My primary hunting bow is a 2008 bowtech equalizer. I've taken about 15 deer with my 08 and don't see a reason to look at new bows yet. It's a bit longer and heavier than newer models but otherwise the new bows don't really have anything on it.


----------



## ISHY (Dec 4, 2015)

8 years, seems they don't like the bigger brace heights anymore, and I shoot an old Tomkat with 8 1/2 bh. Good speed and very forgiving. I can shoot with all my winter gear on and never worry about hitting my bulky clothes. Buddy I shoot 3d with dropped $900-$1300 every year for 6 straight years, and asked me this year if he is shooting any better. Well if he had to ask, you probably figured out the answer already.


----------



## Fowlmouth (Oct 4, 2008)

Still shooting a 2004 Hoyt Ultratec.


----------



## Bo0YaA (Sep 29, 2008)

I got my Outlaw, Dec 2013. First year I hunted was 2014.


----------



## tallbuck (Apr 30, 2009)

I started hunting when I was 14. Have used longbows and Recurve's. I got my first compound in 01 and i usually get a new bow every three years. Currently I am shooting a Carbon Matrix and going to move to the carbon Defiant. I normally shoot my bow 4 times a week around a hundred arrows every time i shoot. During the summer I get out to as many 3d and events as possible. I know I am not a typical shooter but I enjoy it alot.

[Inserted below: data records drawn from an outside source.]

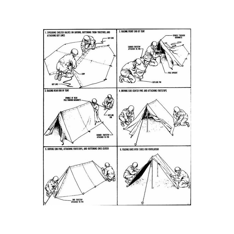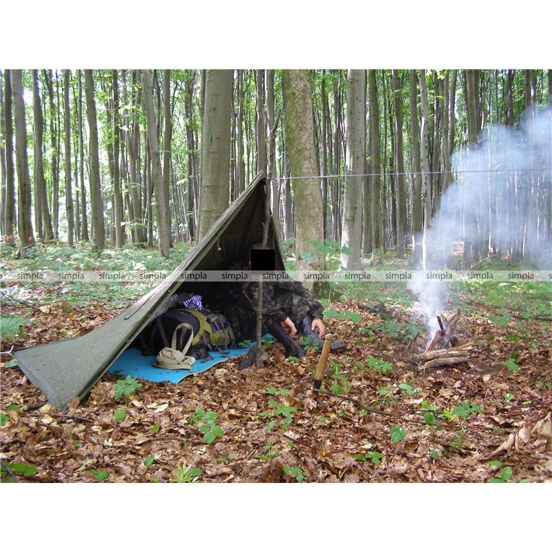 Используется как классическая плащ-палатка,образуя капюшон с помощью двух рядов пуговиц.С помощью пяти колышков (растянув полотно через специальные петли),составной стойки(вставляется в отверстия с люверсами),веревки со стопором для стяжки,можно собрать полноценный односкатный навес для одного человека.Два комплекта позволяют собрать полноценную двухскатную палатку.Кроме этого,может использоваться как тент,подстилка,чехол на рюкзак,защитный материал и прочее.Беречь от огня.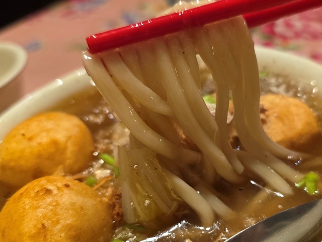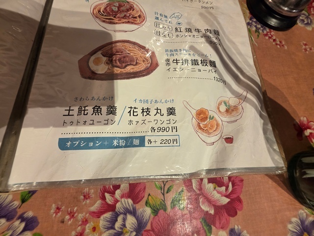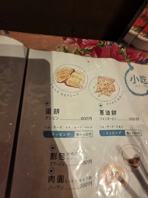 温習会後、バスで移動し「微風台南TEARSⅡ」へ。≪古民家リノベ≫≪台湾ダンボール箱≫観光感も薄れた場所に、異質な行列待ちができていました。≪台湾ぽい装飾≫京都で台湾料理?でも、お友達:飲食系職場のお勧めなので期待大!≪土間席落ち着く~≫テーブルクロスも昭和レトロなんだよね(笑)店員さん少な目で提供に時間かかるけど≪魯肉飯(ローバーブン)≫本場はル—ローハンって読まないのかー台湾の香辛料を感じるのに、甘辛さが何とも日本人好み♡≪蛋餅(ダンビン)≫玉子クレープ。わぁ、コレ!めっちゃ好き好き!モチモチ食感の生地にくるまれた玉子と甘めのソースがツボ過ぎて箸が止まらない!≪花枝丸羹(ホァズーワンゴンー)≫イカ団子の餡かけを麺でいただきます。たっぷり胡椒、絶妙なんだけど!!イカ団子の外パリ中しっとり食感といい旨味。引き続き、射抜かれた~餡スープと麺もめっちゃ絡んで(゜д゜)ウマー全体的に東南アジアの料理といより、エッジと出汁が効いた和食をいただいた印象。おなか一杯になっちゃったけど…できる事なら、もっと色々いただきたかった!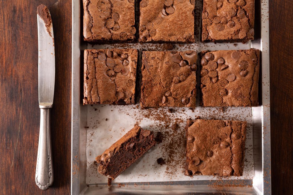 Em um recipiente derreta a Cobertura Meio Amarga junto com a manteiga em banho-maria ou micro-ondas. Acrescente o Chocolate em Pó, misture bem. Em seguida coloque os ovos, o açúcar refinado e o Aroma de Baunilha e mexa. Coloque a farinha de trigo misture e coloque a massa em uma assadeira untada e forrada com papel manteiga. Espalhe as Gotas de Chocolate e leve para assar no forno preaquecido a 180º C por aproximadamente 40 minutos.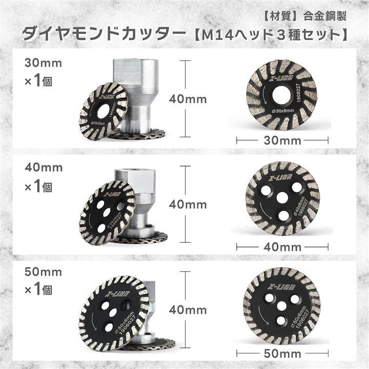 *セット内容:M14ヘッド(直径30mm:外径30 内径8 厚さ2 (mm) 全長40mm、直径40mm:外径40 内径6 厚さ2 (mm) 全長40mm、直径50mm:外径50 内径6 厚さ2 (mm) 全長40mm)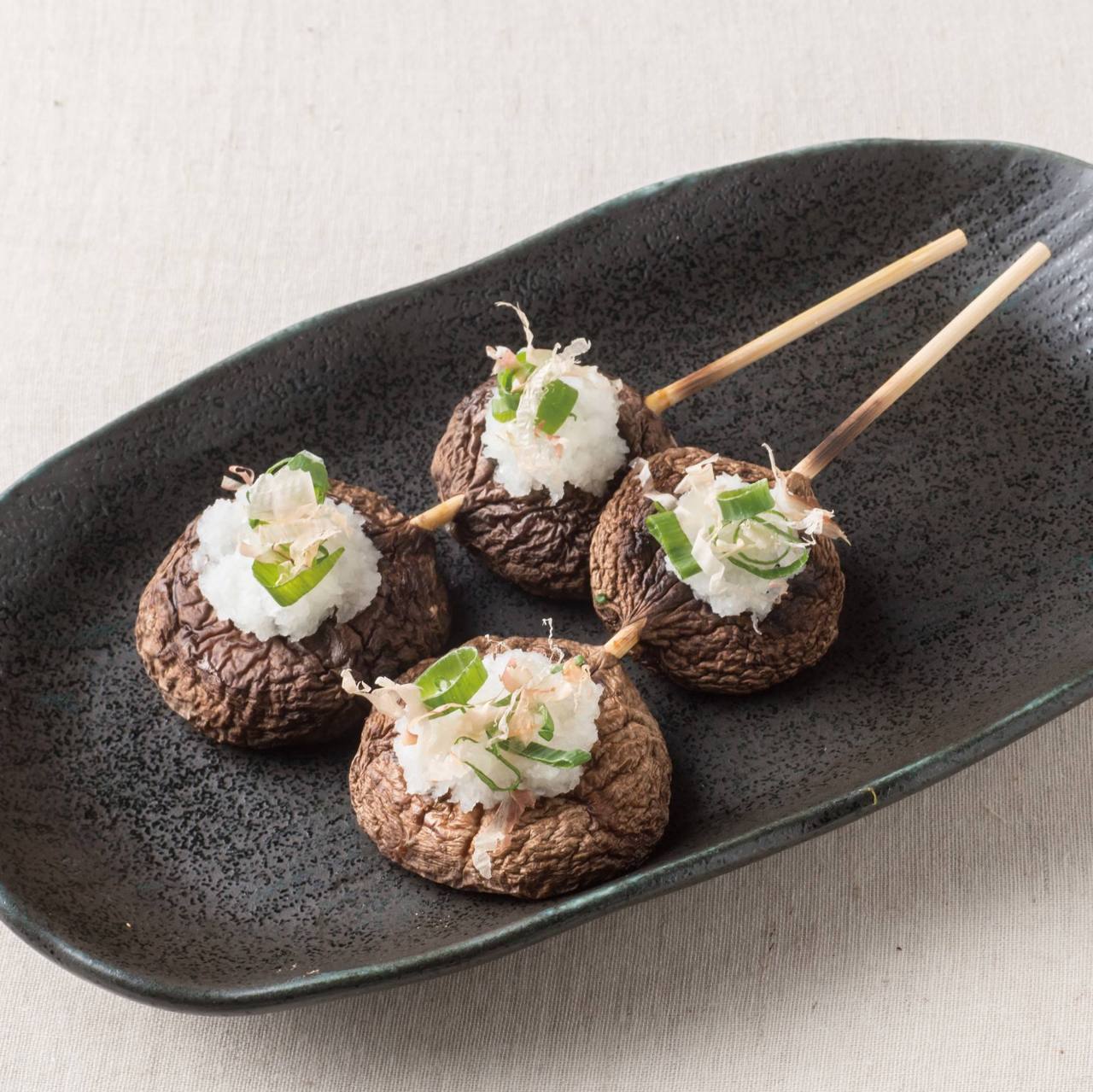 しいたけを少量の油を使ってフライパンなどで焼く料理。

So due to me using it so often I look for a new one every couple years due to technology and other features.


----------



## kdog (May 4, 2015)

I have upgraded a bit lately but always buy bows a year old or more, currently have a 2012 elite answer and last year picked up a 2014 hoyt carbon spyder cause the deal was too good to pass up.

I am still thinking that I shoot the elite a bit more accurately and should get that one set back up.


----------



## sambo3006 (Feb 25, 2016)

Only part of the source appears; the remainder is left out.